Capítulo Dezenove: Esta Noite, Alguém Está Destinado a Morrer

O Genro Divino Han Jiao Jin Xiao 3768 palavras 2026-03-04 18:48:29

Academia de Artes Marciais da Família Li.

Um homem de meia-idade abriu uma porta e entrou.

Ali era uma sala secreta mergulhada em completa escuridão.

— Patriarca, tio Li Er já foi encontrado.

Na penumbra, a voz do homem soava carregada de dor e fúria.

— Ele morreu?

Uma voz idosa ecoou, sem alegria nem tristeza.

— O corpo foi queimado no fogo, e sua espada foi jogada de lado.

— Li Gui, esse rapaz, no fim das contas, morreu mesmo.

— Patriarca, o senhor...

O coração do homem de meia-idade disparou. O patriarca não pensava em vingar-se?

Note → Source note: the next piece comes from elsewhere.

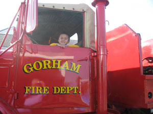 Carson Southyvongnorath, 4, peers out from the cab of Gorham’s huge forest firefighting truck during the open house Saturday at Gorham Public Safety. He attended the open house with Eric Winsor of Gorham Fire Department.
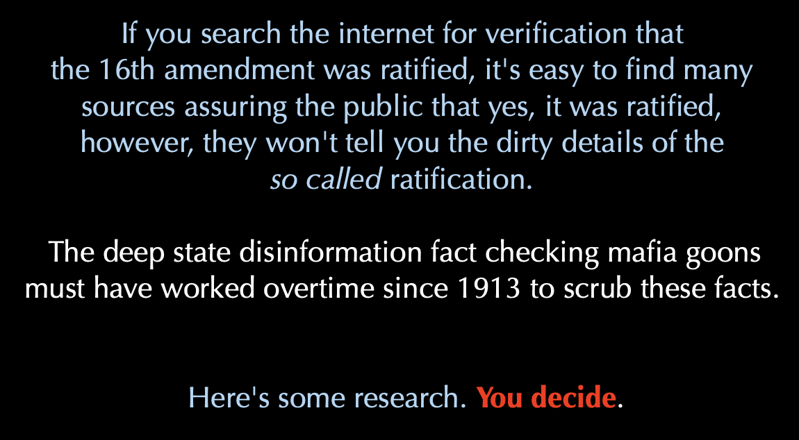 Benson also asserted, as an example of a state’s violation of its own Constitution, laws, or procedural rules, the claim that the Tennessee State Constitution prohibited the legislature from acting on any proposed amendment to the U.S. Constitution submitted by Congress until AFTER the next state legislative elections. According to Benson, the Tennessee legislature acted on the proposed 16th amendment the same month it was received, prior to any new state legislative elections. That’s not Lawful.

Havia quinze anos que a Família Li chegara àquela cidade, sempre seguindo a estratégia discreta exigida pelo patriarca: mantinham apenas uma academia de artes marciais, não faziam negócios, não buscavam cargos públicos. Fora algumas poucas vezes em que eliminaram pequenas famílias por vingança a membros feridos ou humilhados, nunca se deixavam notar. Ninguém na cidade conhecia seu verdadeiro poder.

Mesmo durante a grande purga de quatro anos atrás, permaneceram ocultos, sem se envolver em lutas ou disputas.

Porém, agora, Li Gui, o tio Li Er, homem de grande prestígio e força na família, fora assassinado. Era possível tolerar isso?

O responsável certamente não era alguém comum!

Após um longo silêncio, a voz idosa do patriarca soou novamente.

— Essa vingança, é claro, será feita. Embora nossa família esteja em decadência, não é qualquer um que pode nos pisar!

— Quem matou Li Gui tem força, no mínimo, igual à de um mestre de quinto grau. Vocês não devem agir precipitadamente. Descubram o assassino. Se surgir a oportunidade, eliminem toda sua família. O culpado, eu mesmo cuidarei de matar!

O tom gélido do patriarca encheu o coração do homem de alegria.

A hora de a Família Li mostrar suas garras havia finalmente chegado!

Logo, aquela cidade inteira estaria prostrada e trêmula sob os pés deles!

Só ele sabia quão aterradora era a força do patriarca — sem contar os anciãos ocultos nas sombras.

Saindo da sala secreta, o homem fez um gesto, e logo lhe trouxeram uma fotografia.

Na imagem, um buraco enorme, aberto por um golpe de espada, em um edifício comercial!

— Investiguem imediatamente os arredores. O assassino provavelmente está por perto!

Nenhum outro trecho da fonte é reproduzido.